## [Information shown]
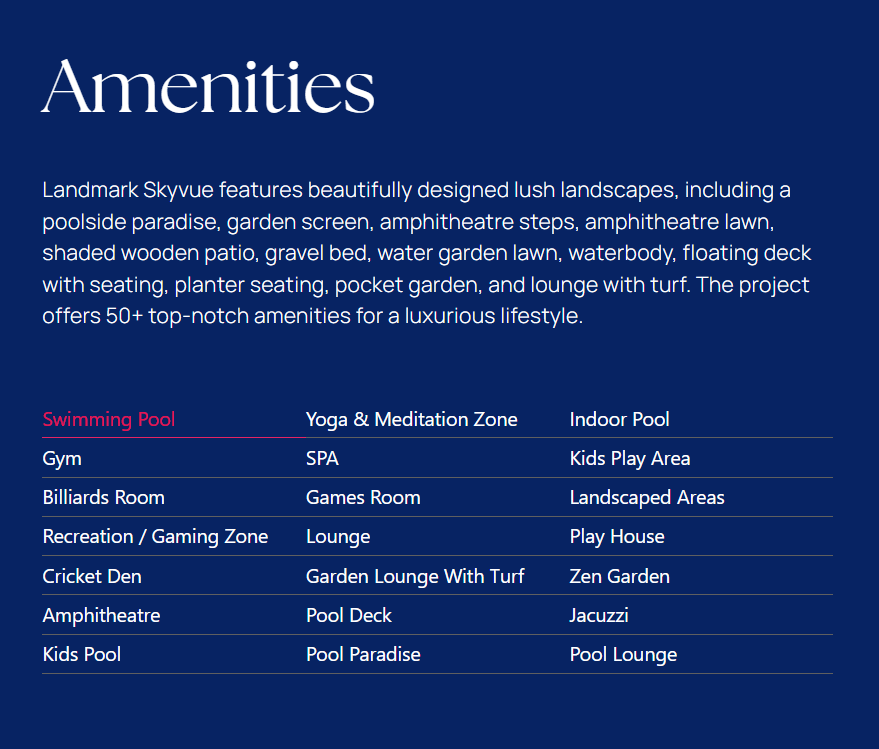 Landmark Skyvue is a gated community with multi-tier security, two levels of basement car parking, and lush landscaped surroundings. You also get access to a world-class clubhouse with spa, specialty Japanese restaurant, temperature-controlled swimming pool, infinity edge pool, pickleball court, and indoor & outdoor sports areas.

--

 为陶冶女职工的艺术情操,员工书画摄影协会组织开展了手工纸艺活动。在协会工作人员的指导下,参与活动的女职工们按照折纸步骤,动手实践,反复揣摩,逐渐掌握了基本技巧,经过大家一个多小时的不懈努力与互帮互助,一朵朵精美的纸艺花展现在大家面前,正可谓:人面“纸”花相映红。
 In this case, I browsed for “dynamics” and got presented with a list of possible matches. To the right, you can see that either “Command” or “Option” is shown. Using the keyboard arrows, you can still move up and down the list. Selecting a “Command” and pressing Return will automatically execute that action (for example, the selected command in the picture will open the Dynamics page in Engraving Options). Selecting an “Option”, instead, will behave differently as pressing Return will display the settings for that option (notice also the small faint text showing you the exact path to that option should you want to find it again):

## [The task]
Taking the material above, extract exactly and only the lines from the line with "为陶冶女职工的艺术情操,员工" to the line with "In this case, I", inclusive of both.

## [Result of this task]
 为陶冶女职工的艺术情操,员工书画摄影协会组织开展了手工纸艺活动。在协会工作人员的指导下,参与活动的女职工们按照折纸步骤,动手实践,反复揣摩,逐渐掌握了基本技巧,经过大家一个多小时的不懈努力与互帮互助,一朵朵精美的纸艺花展现在大家面前,正可谓:人面“纸”花相映红。
 In this case, I browsed for “dynamics” and got presented with a list of possible matches. To the right, you can see that either “Command” or “Option” is shown. Using the keyboard arrows, you can still move up and down the list. Selecting a “Command” and pressing Return will automatically execute that action (for example, the selected command in the picture will open the Dynamics page in Engraving Options). Selecting an “Option”, instead, will behave differently as pressing Return will display the settings for that option (notice also the small faint text showing you the exact path to that option should you want to find it again):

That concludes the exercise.